Synopsis: Shares of BSE Limited rose about 4% after the Securities and Exchange Board of India approved derivatives on the BSE Sensex Next 30 Index. The move could expand trading opportunities and improve liquidity. Strong financial performance and new product launches continue to strengthen the exchange’s position in India’s growing derivatives market.
Shares of BSE Limited traded higher during Thursday’s trading session following the announcement of significant regulatory news by the exchange regarding the Securities Exchange Board of India. This approval will enable the stock exchange to add more depth to its derivatives segment, which has been recording robust growth in India’s capital markets with the participation of both institutional and retail investors.
With a market cap of Rs 1.1 lakh crore, the shares of BSE Ltd jumped about 4% in today’s trading session and reached a high of Rs 2,727.90. When compared to its previous day’s closing price of Rs 2,626.90. The shares are trading at a PE of 50.4, whereas their industry’s PE is at 49, and they have given a return of more than 4,000% in the last 5 years.
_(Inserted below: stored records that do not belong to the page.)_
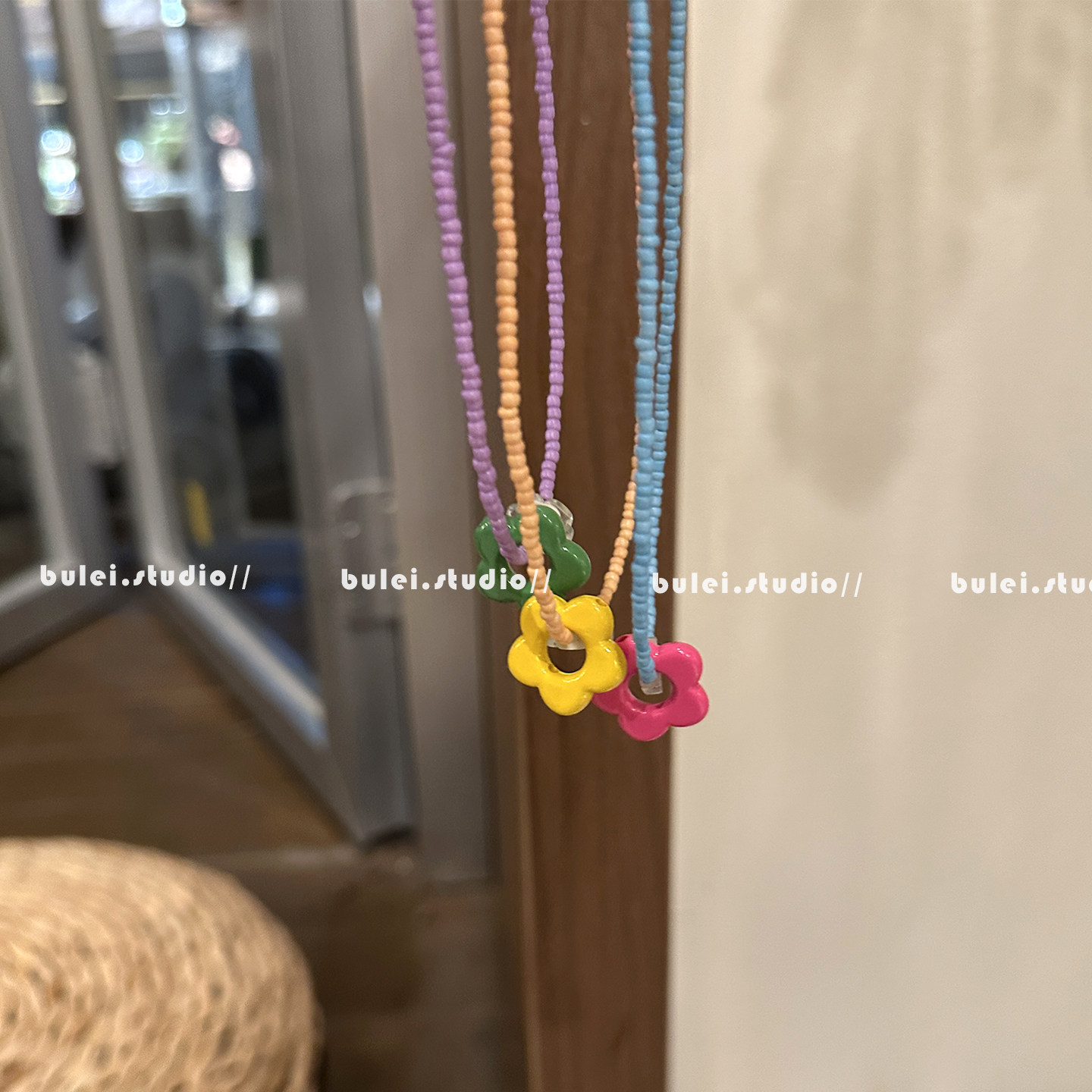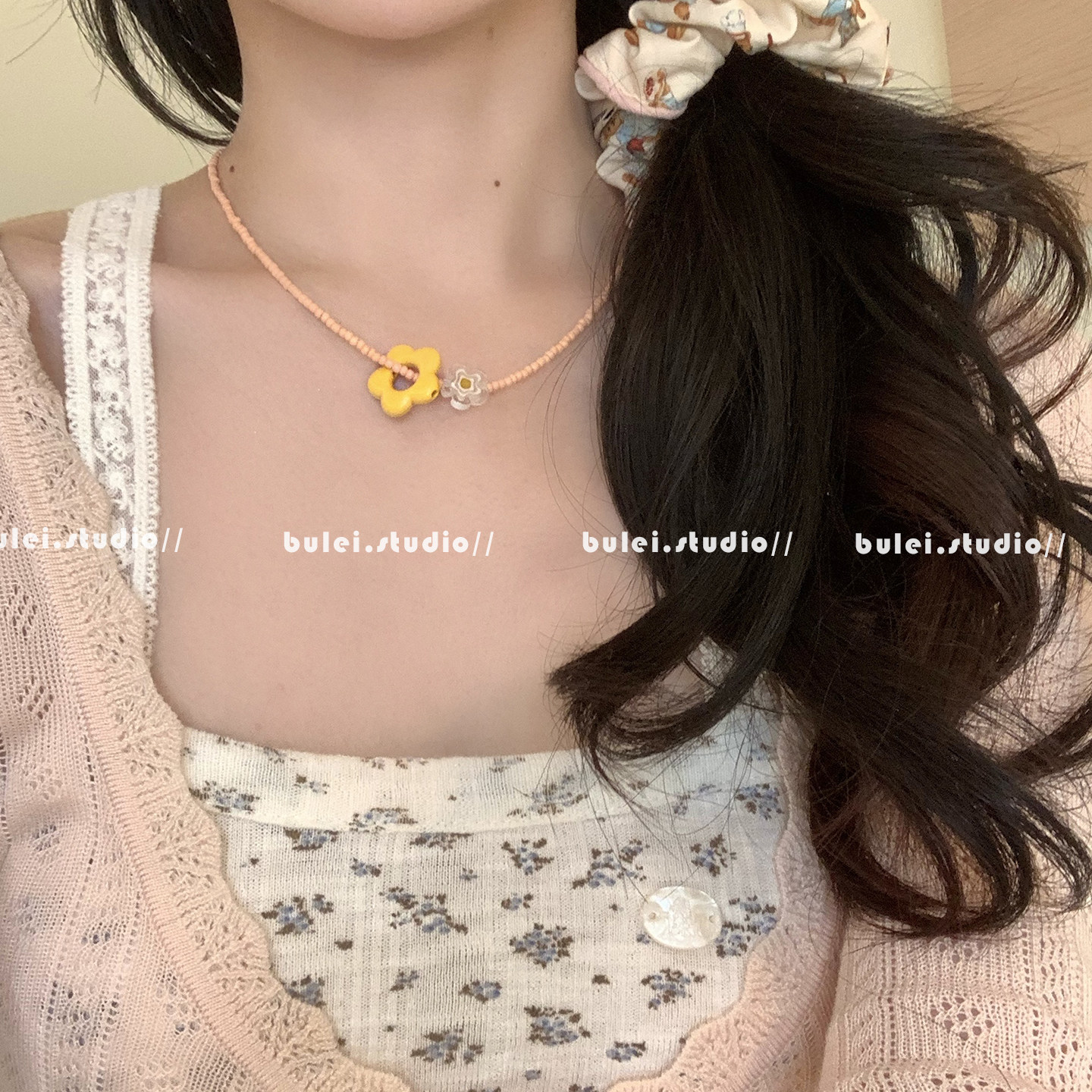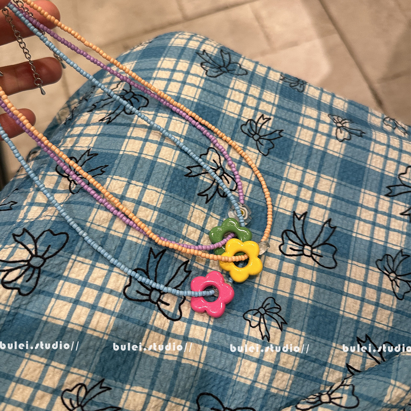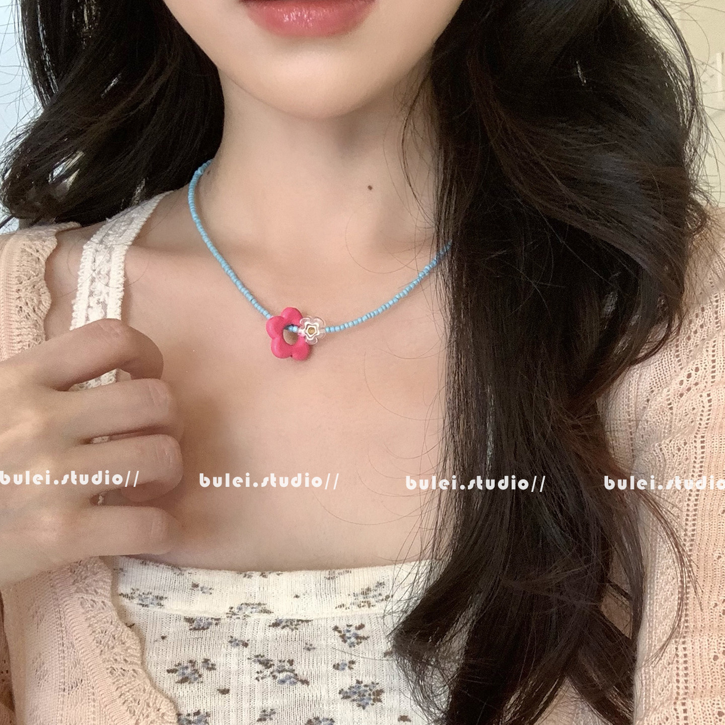 多巴胺女孩可爱亚克力撞色花朵彩色手工串珠儿童项链时尚锁骨链女
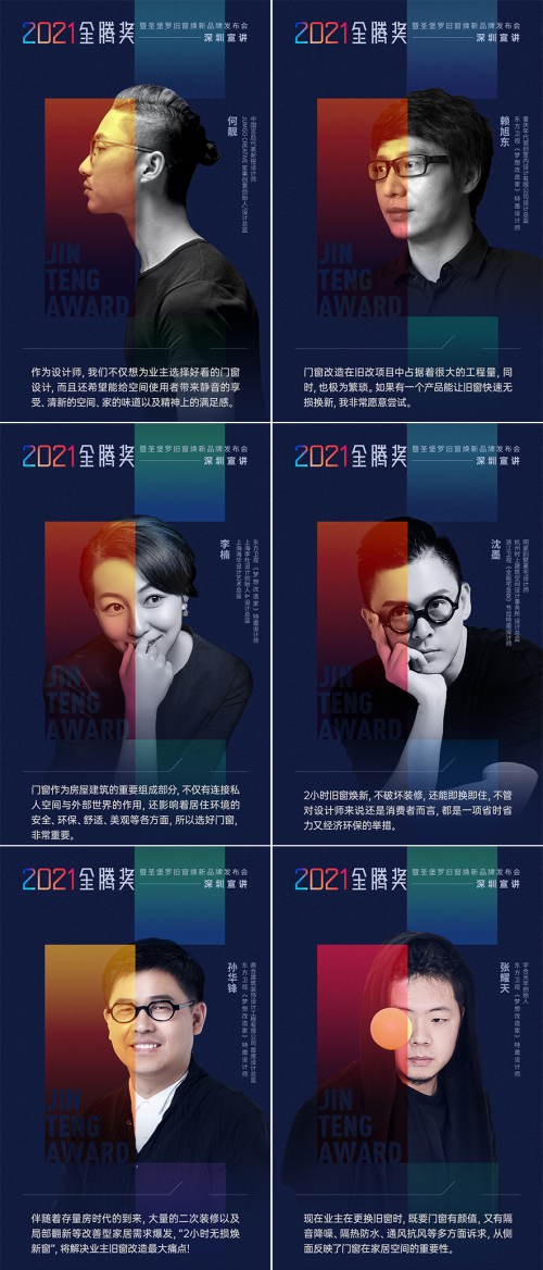 届时2021金腾奖评委、明星御用设计师孟也,优居总编辑及研究院院长、企业战略及品牌营销观察家张永志,佛山市门窗业协会会长、圣堡罗整体门窗董事长吴国洪,将首度同台开讲,引领“设计×家居”新风尚。
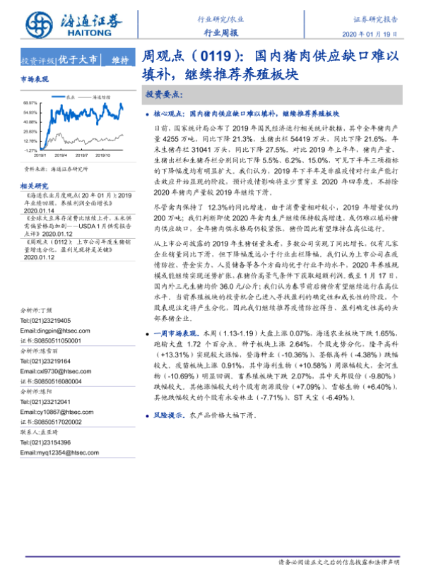 【海通证券】【20200119】20200119-海通证券-农业周观点:国内猪肉供应缺口难以填补,继续推荐养殖板块-4页 行业研究
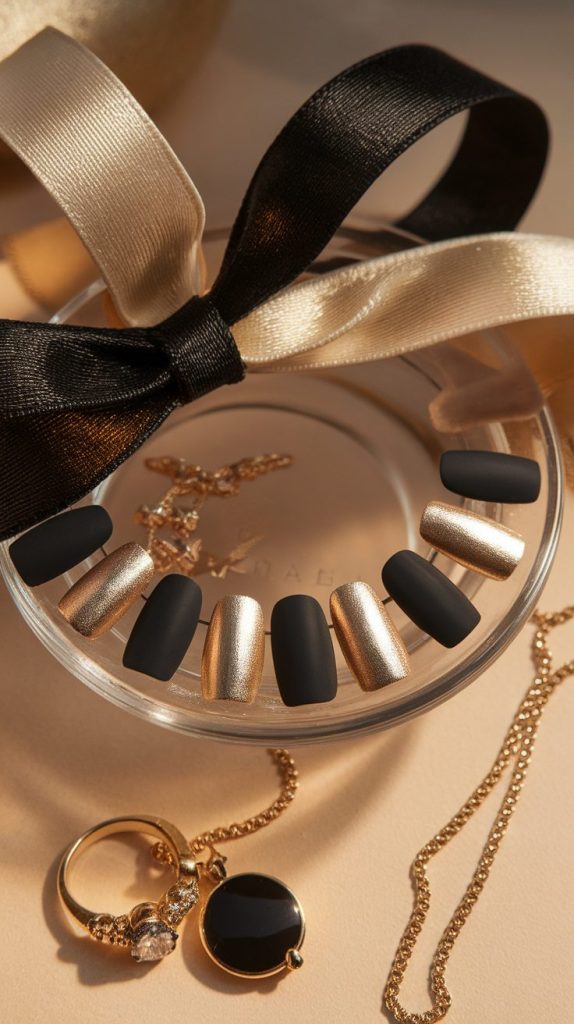 You can go full glam with alternating colors — black on some nails, gold foil on others — or keep it sleek with black nails and thin gold accents.
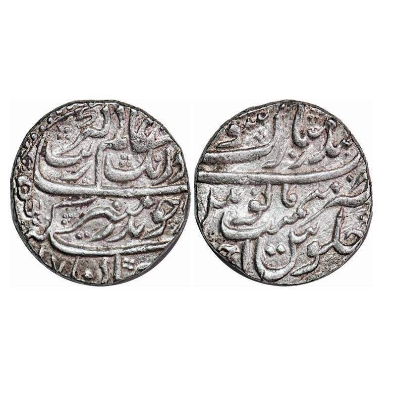 Aurangzeb, Silver Rupee, 11.46g, Bandar-i-Mubarak Surat Mint, AH 1070/Ahd, Almost complete mint name and epithet on rev. top. KM 300.85. Mint State, Scarce.
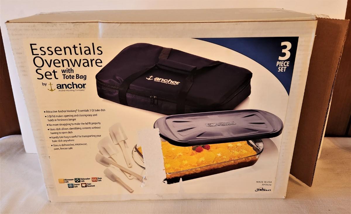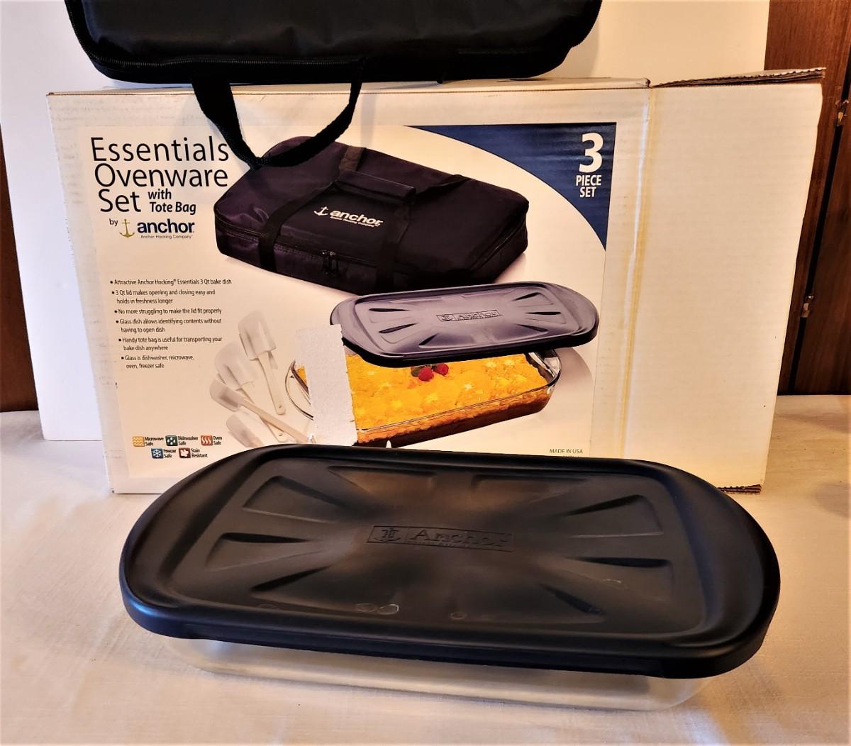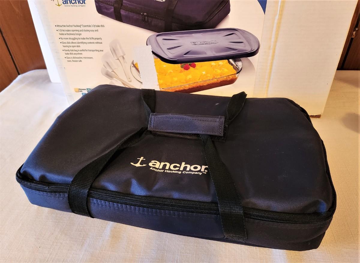 Box has been opened but item never used - Anchor Hocking 3 quart bake dish with insulated carry cover.

BSE Gets SEBI Nod to Launch Derivatives on Sensex Next 30 Index
BSE Limited has been given approval by the Securities and Exchange Board of India (SEBI) to develop derivative contracts on the BSE Sensex Next 30 index, marking the latest in a series of developments in the derivatives space for the company. The move is likely to enable investors with further avenues to hedge and trade on companies that are just outside the main Sensex index constituents, while still being large and liquid in the market.
Sensex Next 30 Index
The Sensex Next 30 Index is a measure that tracks the next lot of large and liquid companies in the BSE 100 universe that are still outside the main BSE Sensex index. The companies are already part of the derivatives market and are potential future constituents of the main BSE Sensex Index. The move by BSE to develop derivatives on this index is likely to further enhance market participation and provide trading avenues for institutional and retail investors alike.
According to the new framework, the exchange would launch cash-settled monthly index futures and monthly index options that would expire on the last Thursday of the expiry period, similar to other existing index derivatives. These instruments would enable investors to take directional bets on the index or hedge their portfolios against any broad market movement involving mid-to-large-cap companies.
The launch of derivatives would also have positive implications for liquidity and price discovery in the underlying stocks and would help to reinforce BSE’s position in the competitive space for derivatives trading. As exchanges become increasingly innovative with the launch of new derivatives based on indices, it may have positive implications for the trading activity in India’s capital markets.
Financials
The revenue from operations for the company stood at Rs 1,244 crores in Q3 FY26 compared to the Q3 FY25 revenue of Rs 768 crores, up by about 62 per cent YoY. Similarly, the net profit stood at Rs 597 crore in Q3 FY26, up compared to the Rs 219 crore profit in Q3 FY25.